THE TASK: Using the records below, reproduce exactly the lines from the one containing "Solidna konstrukcja narożnika" through the end, and nothing more; skip the images.

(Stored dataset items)
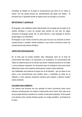Este documento describe un videojuego llamado Honoloko que tiene como objetivo crear conciencia sobre la conservación del medio ambiente. El jugador asume el rol de un estudiante que debe responder preguntas cuya respuesta afecta positiva o negativamente el medio ambiente de una isla. El juego está destinado a estudiantes de primaria de 5o o 6o grado y fomenta valores como la toma de conciencia sobre cómo nuestras acciones pueden mejorar o destruir el planeta.
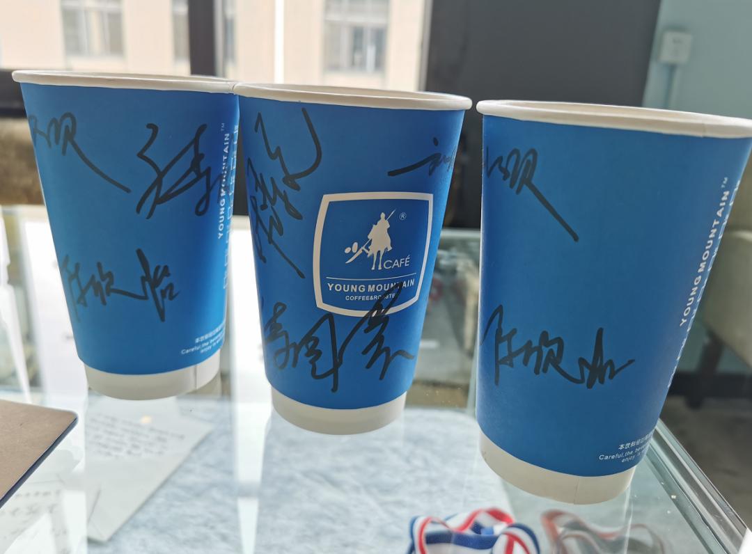 工厂陈列区陈列的中国女子游泳队傅园慧等人签名的咖啡杯
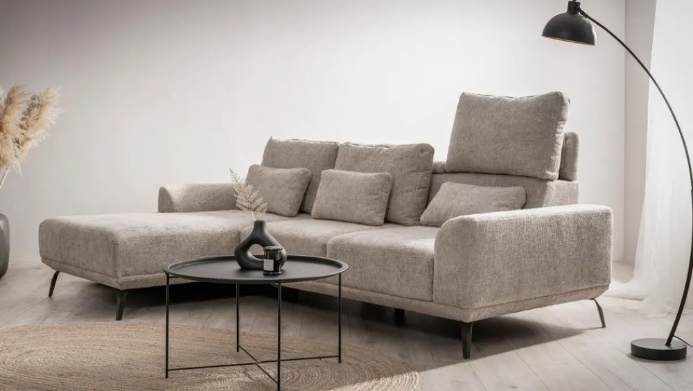 Solidna konstrukcja narożnika zapewnia nie tylko wygodę, ale także stabilność i bezpieczeństwo, co jest kluczowe w przypadku mebli używanych intensywnie przez całą rodzinę. Wytrzymałe materiały, z których wykonano ramę, gwarantują stabilność nawet podczas wieloletniego użytkowania. Konstrukcja narożnika została zaprojektowana z myślą o zapewnieniu maksymalnego komfortu i wsparcia dla ciała, co jest szczególnie ważne podczas długich godzin spędzonych na relaksie. Dodatkowo, użycie najwyższej jakości pianki i sprężyn w wypełnieniu siedzisk i oparć sprawia, że mebel doskonale dopasowuje się do kształtu ciała, zapewniając optymalne podparcie i wygodę.
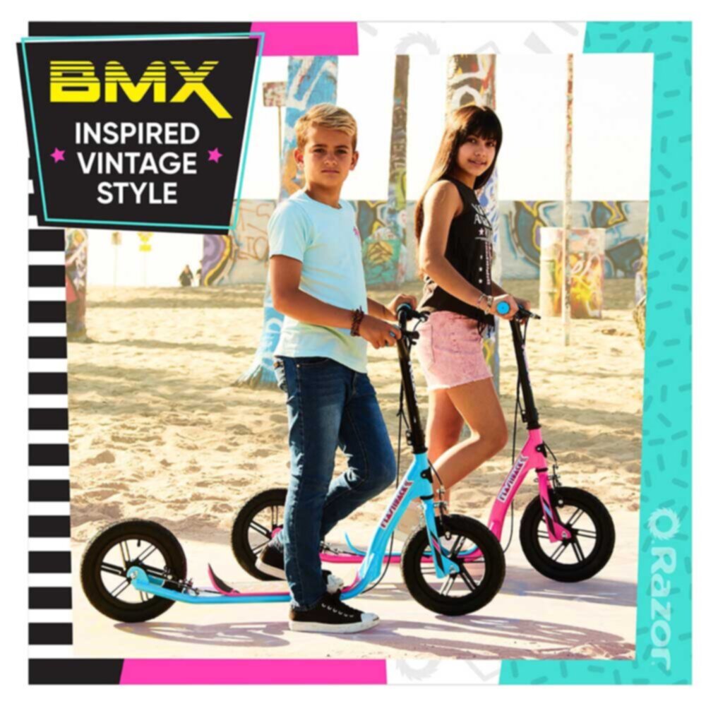 • تصميم أصيل مستوحى من دراجات BMX الكلاسيكية. تصميم أنيق وعصري بلمسات مستوحاة من الطراز القديم، بدءًا من الألوان الزاهية والجريئة وصولًا إلى مقود الدراجة المرتفع. صُمم هذا السكوتر للراكبين من عمر 8 سنوات فما فوق، وهو مثالي للأطفال والمراهقين وجميع عشاق دراجات BMX.
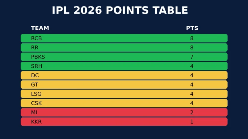 With this victory, Royal Challengers Bengaluru moved to the top of the IPL 2026 points table. Their strong net run rate and consistent performances helped them reach the top spot.

REPLY:
 Solidna konstrukcja narożnika zapewnia nie tylko wygodę, ale także stabilność i bezpieczeństwo, co jest kluczowe w przypadku mebli używanych intensywnie przez całą rodzinę. Wytrzymałe materiały, z których wykonano ramę, gwarantują stabilność nawet podczas wieloletniego użytkowania. Konstrukcja narożnika została zaprojektowana z myślą o zapewnieniu maksymalnego komfortu i wsparcia dla ciała, co jest szczególnie ważne podczas długich godzin spędzonych na relaksie. Dodatkowo, użycie najwyższej jakości pianki i sprężyn w wypełnieniu siedzisk i oparć sprawia, że mebel doskonale dopasowuje się do kształtu ciała, zapewniając optymalne podparcie i wygodę.
 • تصميم أصيل مستوحى من دراجات BMX الكلاسيكية. تصميم أنيق وعصري بلمسات مستوحاة من الطراز القديم، بدءًا من الألوان الزاهية والجريئة وصولًا إلى مقود الدراجة المرتفع. صُمم هذا السكوتر للراكبين من عمر 8 سنوات فما فوق، وهو مثالي للأطفال والمراهقين وجميع عشاق دراجات BMX.
 With this victory, Royal Challengers Bengaluru moved to the top of the IPL 2026 points table. Their strong net run rate and consistent performances helped them reach the top spot.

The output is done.